But, failing that, you can contact the state psychological association or the state psychiatric association. And often on their website, they list their members and often identify what conditions they specialize in. And you can kind of use those as a guide. And if that doesn’t work, then contact your state medical school, in the department of psychology or the department psychology clinic there and see if they do such evaluations. 

 

Some of your research examines a potential association between ADHD and life expectancy. Could you tell us a little about that?

What we found was that by age 27, on average, if you were diagnosed as a child with ADHD, regardless of whether it persisted or not, you were likely to have between nine and 11 years reduction in your life expectancy. On the other hand, if your ADHD persisted until you were age 27, that reduction ran from about 11 to 13 years, depending on whether we looked at healthy years or total years of life expectancy.

So that tells you that if we’re going to take smoking and obesity and diet and sleep and alcohol use as seriously as we do — and we spend billions a year trying to reduce those risk factors — that we should be taking ADHD even more seriously than those. And we don’t.

This year, what we’re trying to do — me, the CHADD organization and many other professionals — is to broaden awareness of ADHD from a mental health or educational disorder into a public health disorder, which is clearly is.

 

Could you outline what treatment is like for an adult diagnosed with ADHD?

There are five key words I like to use to capture the treatment package you need to implement for adults — and kids too, but especially for adults. No. 1, you need an appropriate diagnosis and evaluation, as we have spoken about. That is always step one in treatment, because you’re going to find out whether you have the disorder or not and that’s going to help you further understand your condition and maybe your past history as well. The second thing is to get yourself very well educated about ADHD. You can do that through the CHADD website and through ADD.org, which focuses more on adults with ADHD as well. But learn about your disorder.
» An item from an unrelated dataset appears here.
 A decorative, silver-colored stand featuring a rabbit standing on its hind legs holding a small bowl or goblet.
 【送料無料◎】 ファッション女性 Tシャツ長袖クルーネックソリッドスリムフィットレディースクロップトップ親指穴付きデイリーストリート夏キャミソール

It’s kind of like diabetes. The first thing we do is not give you insulin, we teach you about diabetes, and why it’s important for you manage your symptoms on a daily basis. That’s why step two is so critical, this educational understanding of your condition. And that leads to ownership. Just like with diabetes, this your problem — not other people’s problem. It’s incumbent upon you to take responsibility and get help.

Step three, look at medication. Over 80% of the adults that we see require medication at some points in their life to help manage their symptoms, usually related to work or college or other educational pursuits. They’re the safest medications in psychiatry, bar none. They’re two to three times more effective than any of the other drugs used for any of the other psychiatric disorders. There’s a lot of hope that medication can be added into this treatment package to help you manage your symptoms.
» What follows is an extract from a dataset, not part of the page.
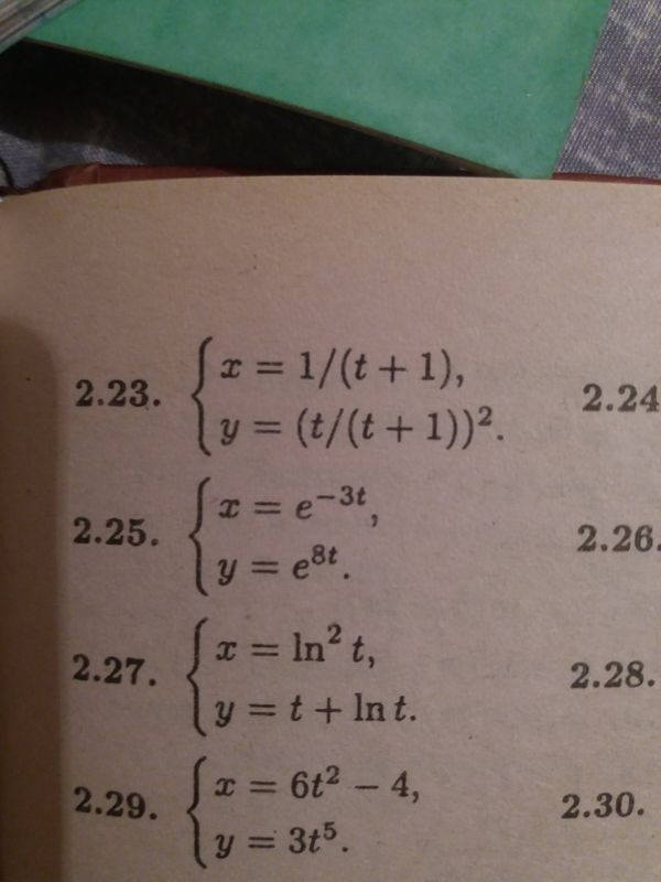 y`_(x)=y`_(t)/(x`_(t)=(2t)/(t+1)^3 / (-1/(t+1)^2)=

The fourth thing we try to do is modify your own behavior, and that’s where cognitive behavioral therapy that focuses on those executive functions that I’ve spoken about can come in handy. There are three programs that are out there, commercially available, that focus on self-regulation and executive deficits.

And then finally, we like people to pursue accommodations. Accommodations are changes to the surrounding situation — the physical environments for instance — that allow you to be less impaired. They don’t get rid of your disorder, they may not get rid of your symptoms, but they will certainly help reduce the impairment that you experience.
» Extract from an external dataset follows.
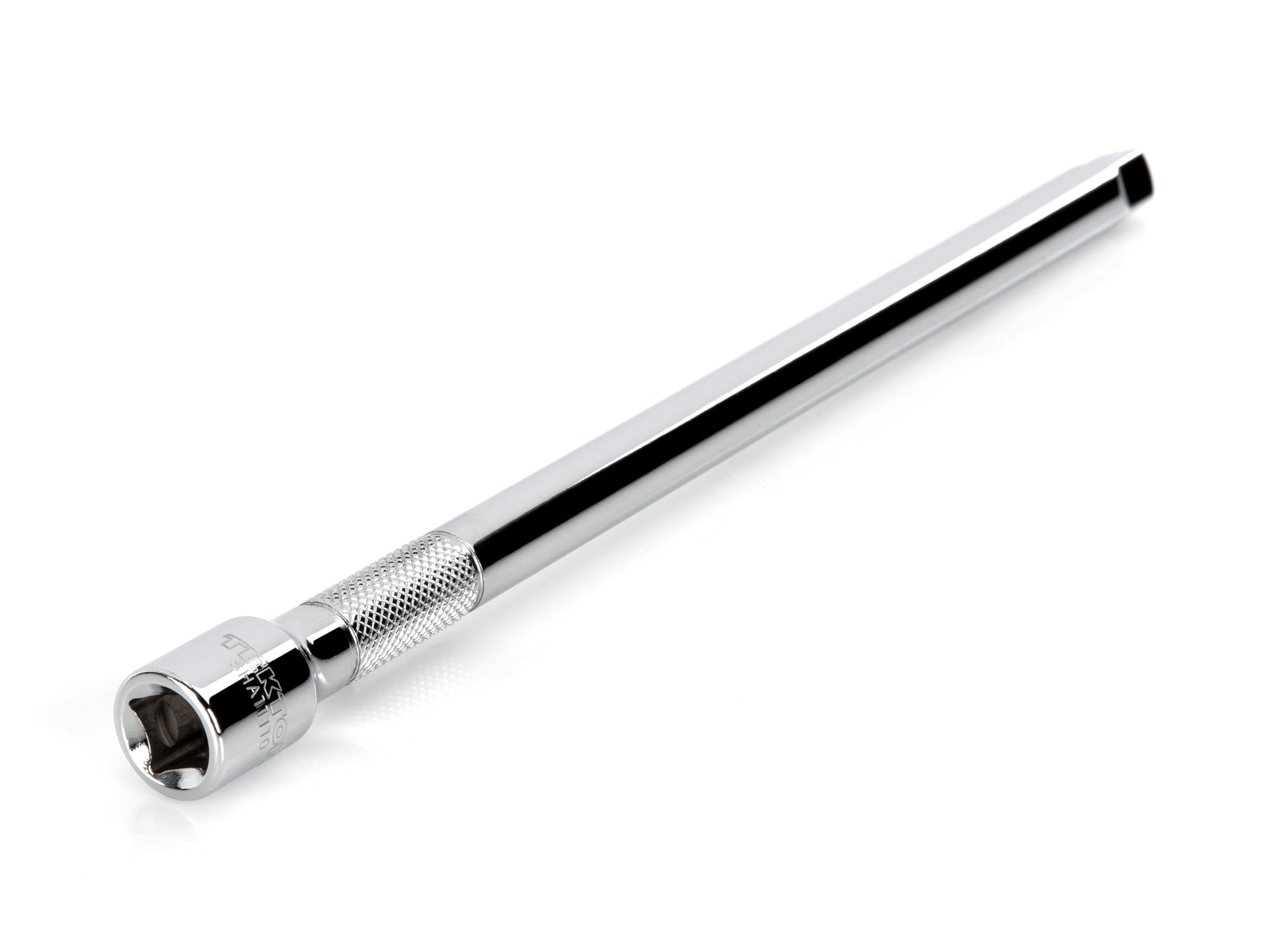 • Knurled band provides grip for starting or turning loosened fasteners with fingertips • Polished, chrome-plated finish easily wipes clean and is highly resistant to corrosion • Beveled drive end helps guide extension smoothly onto drive tool • Four detent grooves offer a secure connection with the drive tool • Radiused corners inside the drive avoid stress concentrations that can cause cracking • Spring-loaded retaining ball latches into sockets and holds them securely in place

And that being the case, we want people to look at ways to restructure their environment around them to help with self-motivation such as work or study with other people or exercise with them to promote your own motivation. That’s an accommodation, it doesn’t change the disorder, but it makes you less impaired. Things like that can be very helpful to adults in the workplace or at school or in their home life.

So, again, evaluation, along with education, followed by medication and then modification of your behavior where possible. And then make accommodations in the environment for your disorder.

You put those together and you’re doing a really good job at managing the condition.

 

And with that we thank Russell Barkley for his time and expertise.

 

For more information on ADHD, visit www.CHADD.org.

To read The Nation’s Health online, visit thenationshealth.org.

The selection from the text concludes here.